1 School of Data Science,Tongren University,Tongren 554300,China

2 School of Automation,Chongqing University of Posts and Telecommunications,Chongqing 400065,China

Abstract: In this paper,a two-dimensional(2D)DOA estimation algorithm of coherent signals with a separated linear acoustic vector-sensor (AVS) array consisting of two sparse AVS arrays is proposed.Firstly,the partitioned spatial smoothing (PSS) technique is used to construct a block covariance matrix,so as to decorrelate the coherency of signals.Then a signal subspace can be obtained by singular value decomposition(SVD)of the covariance matrix.Using the signal subspace,two extended signal subspaces are constructed to compensate aperture loss caused by PSS.The elevation angles can be estimated by estimation of signal parameter via rotational invariance techniques(ESPRIT) algorithm.At last,the estimated elevation angles can be used to estimate automatically paired azimuth angles.Compared with some other ESPRIT algorithms,the proposed algorithm shows higher estimation accuracy,which can be proved through the simulation results.
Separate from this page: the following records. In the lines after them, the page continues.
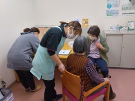 隣りのデイサービスから掛け声が聞えてきたので、見に行ってみました。
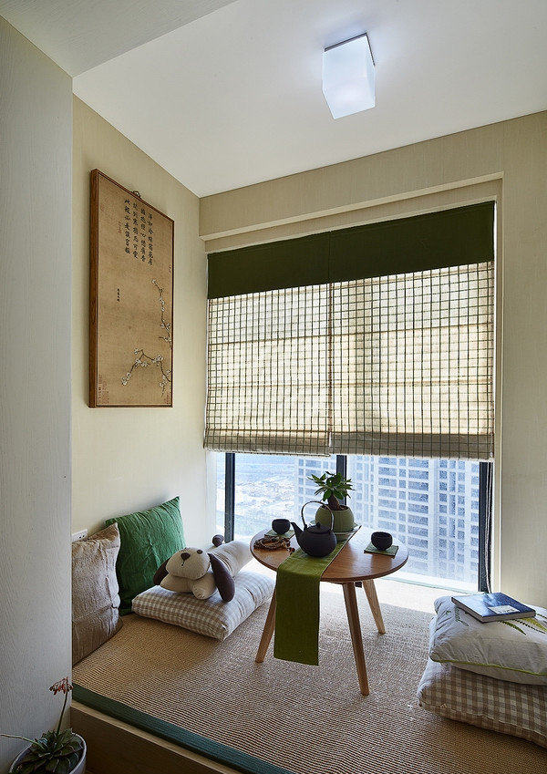 非常喜欢榻榻米的感觉,这也是我们喜欢日式元素中的一个。经过设计师的规划,储纳、休息、采光都有合理舒适的状态,我跟LG现在经常坐这边畅谈人生理想,互相鼓励打气,我们要从美好生活走进更加美好的生活,抛开忙碌的烦恼,心更静,时间就会慢下来。
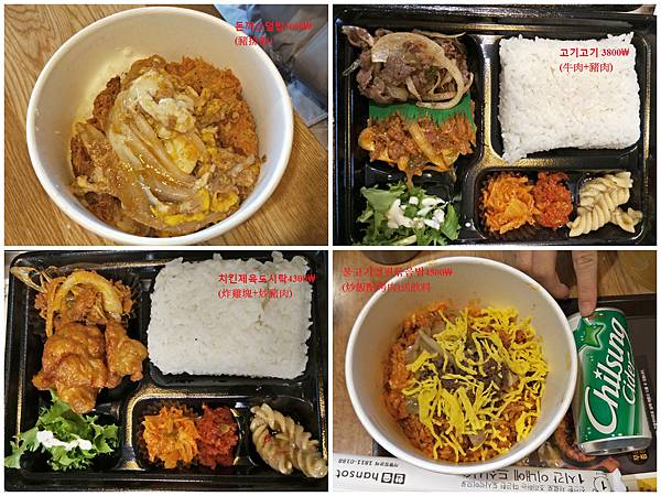 這4份餐點只要16200₩(台幣449元),最貴的1個也只要125元(首爾的物價跟東京差不多貴,隨便1份餐點都要將近300元,至少都是這裡的2-3倍價),是我們此行最便宜的一餐!而且我覺得口味還算不錯,雖然不像一般餐廳上桌時好幾碟的小菜,但其實一樣有附小菜呀,只是用一個便當盒裝在一起,一樣美味!

Keywords: acoustic vector-sensor;coherent signals;extended signal subspace;sparse array

I.INTRODUCTION

Acoustic vector-sensor(AVS)array has important applications in the location of acoustic signals.Being different from the acoustic scalar sensor,the AVS has four components,and therefore can obtain more acoustic field information.Direction of arrival(DOA)of signal is one of the main functions for acoustic vector-sensor (AVS) array.Since the received model [1] of AVS was introduced for DOA estimation,many DOA estimation algorithms have been proposed.Based on the principle of multiple signal classification (MUSIC) [2],many various MUSIC-based algorithms with AVS array have been proposed,such as self-initiating MUSIC [3],successive MUSIC [4],augmented subspace MUSIC [5],root-MUSIC algorithm [6] and so on.Estimation of signal parameter via rotational invariance technique(ESPRIT)[7]is another subspace algorithm with lower complexity than MUSIC algorithm,which has derived many modified ESPRIT algorithms[8-10]based on AVS array.Propagator method(PM)[11]is a computationally efficient algorithm,which has lower complexity than MUSIC algorithm and ESPRIT algorithm.In[12],a DOA estimation algorithm with AVS has been proposed by extending the original PM algorithm.In addition,some other kinds of DOA estimation algorithms including parallel factor(PARAFAC)algorithm[13,14]and sparse representation algorithm[15]based on AVS array also have been proposed in recent years.With the widespread attention of some sparse arrays [16-19],the sparse concept also has been used for vectorsensor arrays.Some improved DOA estimation algorithms based on nested vector-sensor array [10,20]and co-prime vector-sensor array[21]have been proposed.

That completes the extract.